### Work instructions:
Restate the data word for word. Leave the pictures out.

### Recorded information:

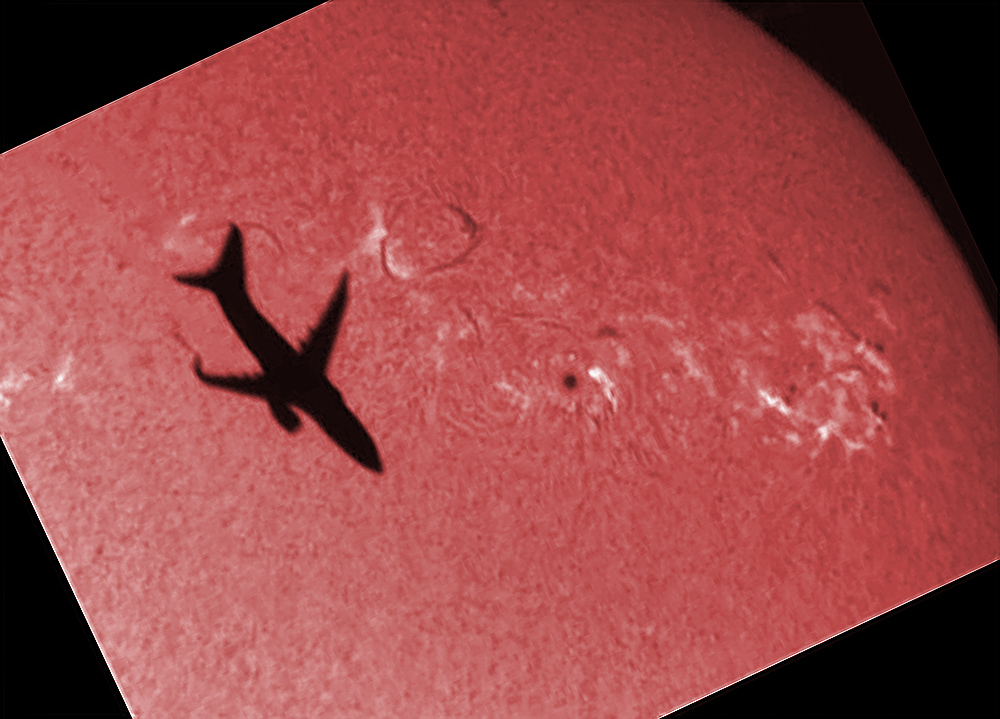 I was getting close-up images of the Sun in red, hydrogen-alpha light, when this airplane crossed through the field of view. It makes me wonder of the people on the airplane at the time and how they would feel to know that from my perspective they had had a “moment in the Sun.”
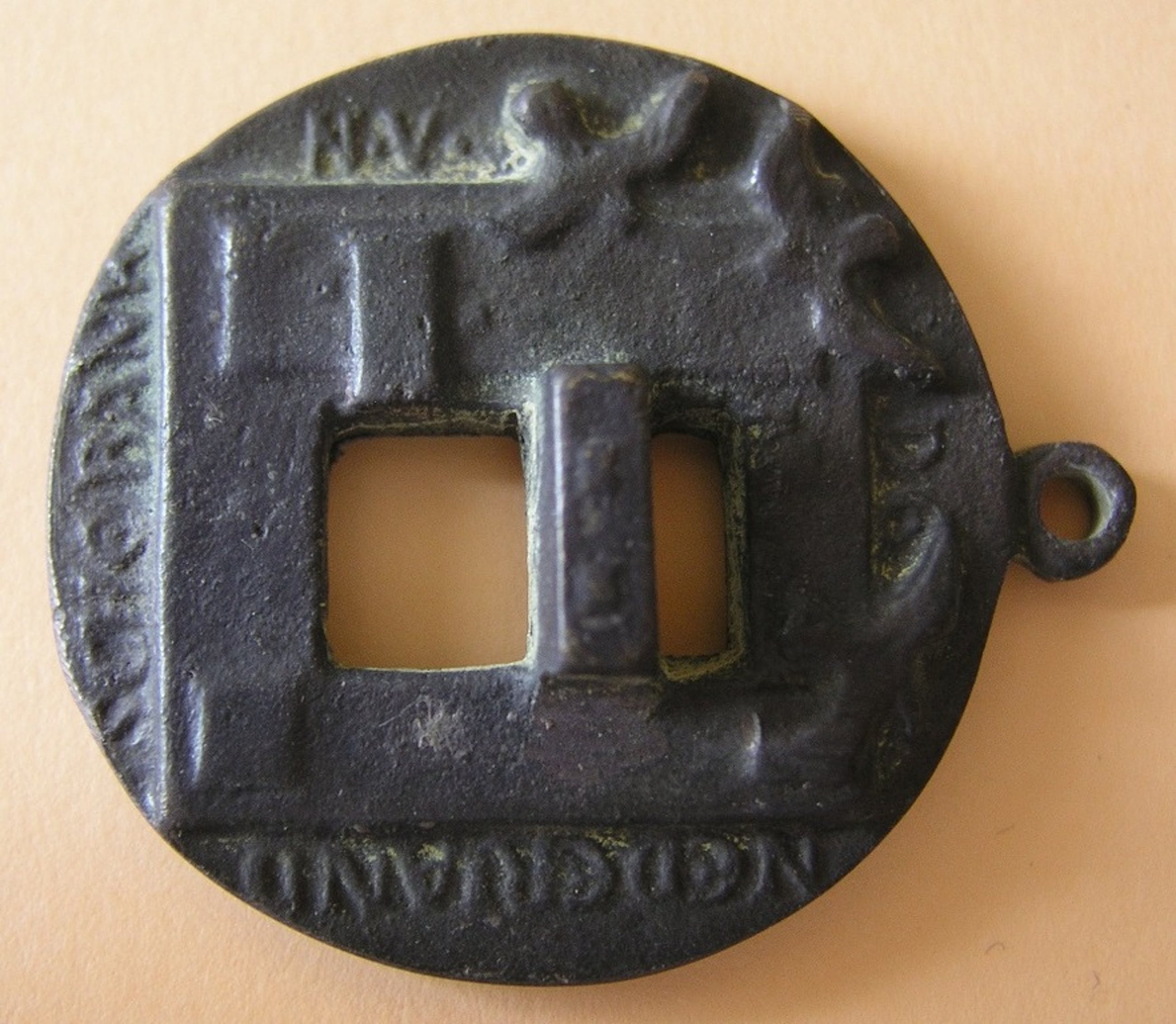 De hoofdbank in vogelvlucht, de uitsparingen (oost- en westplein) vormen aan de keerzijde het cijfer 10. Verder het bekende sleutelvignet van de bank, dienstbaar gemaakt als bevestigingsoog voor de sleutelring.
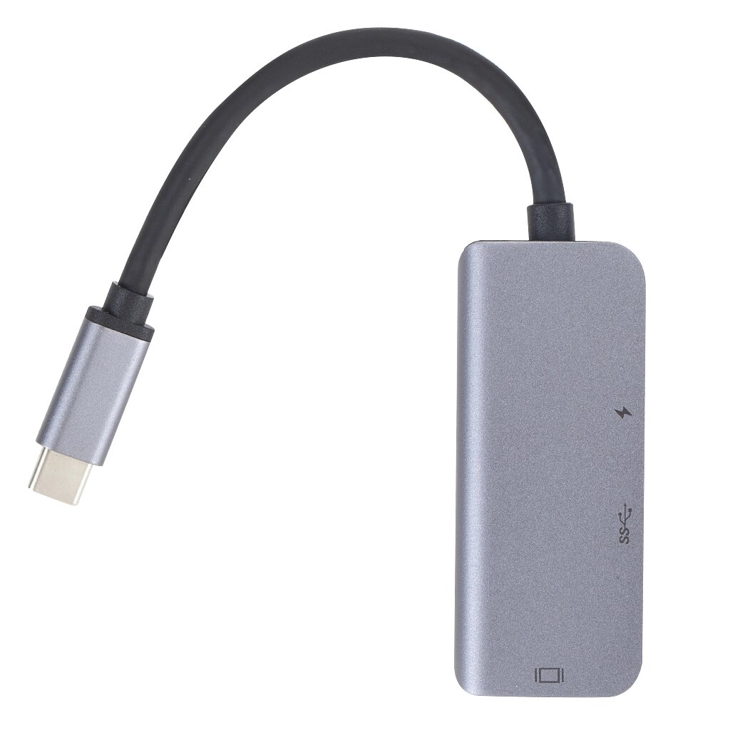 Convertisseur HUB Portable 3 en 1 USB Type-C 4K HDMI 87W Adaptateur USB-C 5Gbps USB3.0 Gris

### Answer:
 I was getting close-up images of the Sun in red, hydrogen-alpha light, when this airplane crossed through the field of view. It makes me wonder of the people on the airplane at the time and how they would feel to know that from my perspective they had had a “moment in the Sun.”
 De hoofdbank in vogelvlucht, de uitsparingen (oost- en westplein) vormen aan de keerzijde het cijfer 10. Verder het bekende sleutelvignet van de bank, dienstbaar gemaakt als bevestigingsoog voor de sleutelring.
 Convertisseur HUB Portable 3 en 1 USB Type-C 4K HDMI 87W Adaptateur USB-C 5Gbps USB3.0 Gris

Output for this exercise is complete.